According to Gaza health officials deemed reliable by the United Nations, more than 15,800 people are confirmed dead, with thousands more missing and feared buried under rubble.

Washington has called on its close ally Israel to do more to reduce harm to civilians in the next phase of the Gaza war, which Israel launched in retribution for an Oct. 7 attack by Hamas fighters who rampaged through towns, killing 1,200 people and seizing 240 hostages according to Israel’s tally. Several Canadians were among the dead.

The U.S. provides significant military aid to Israel, but some progressives on Capitol Hill believe the aid should be conditional.
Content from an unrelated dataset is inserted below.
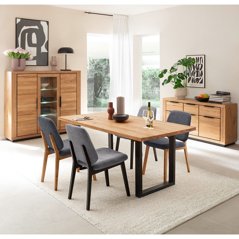 Bringe natürlichen Charme in dein Zuhause mit unserer Wohn- und Esszimmermöbelserie in edler Wildeiche.

“I do not think we should be appropriating $10.1 billion for the right-wing, extremist [Benjamin] Netanyahu government to continue its current military approach,” Vermont Sen. Bernie Sanders, an independent who caucuses with the Democrats, said in the chamber on Monday. “What the Netanyahu government is doing is immoral, it is in violation of international law, and the United States should not be complicit in those actions.”

In Tel Aviv, government spokesperson Levy said Israel  was open to “constructive feedback” on reducing harm to civilians as long as the advice is consistent with its aim of destroying Hamas.

U.S. to deliver humanitarian aid

Israel says blame for harm to civilians falls on Hamas fighters who operate among them, including from tunnels below ground that can be destroyed only with huge bombs. Hamas denies this.

Since the truce collapsed, Israel has been posting an online map to tell those in Gaza which parts of the enclave to evacuate. The eastern quarter of Khan Younis was marked out on it on Monday, and is home to hundreds of thousands of people, many of whom took flight on foot.

“What civilians should do to stay safe is listen to the instructions that are coming out from our Twitter accounts, from our website, and also to look at the leaflets that are landing in their areas,” Israeli military spokesperson Richard Hecht told reporters on Tuesday.

A young woman waves through a large vehicle's window toward the camera as she sits beside a bearded young man who is looking in the opposite direction.
Released Israeli hostages siblings Maya Regev, left, and Itay Regev, right, arrive to their family home in the city of Herzliya near Tel Aviv late Monday after spending a few days in hospital following their release from captivity by Hamas. (Oren Ziv/AFP/Getty Images)

Gazans say there is no safe place left to go, with remaining towns and shelters already overwhelmed. Israel has continued to bomb the areas where it is telling people to go, including the city of Rafah, next to the Egyptian border south of Khan Younis.

Meanwhile, U.S. aid chief Samantha Power arrived in Egypt’s Sinai Peninsula on Tuesday, where she is expected to announce more than $21 million in additional assistance for the Palestinian people, a U.S. Agency for International Development (USAID) spokesperson told Reuters.

Power arrived in Al Arish with a delivery of 36,000 pounds of food assistance and medical supplies airlifted by the Department of Defence from Jordan and intended for Gaza, USAID spokesperson Jessica Jennings said.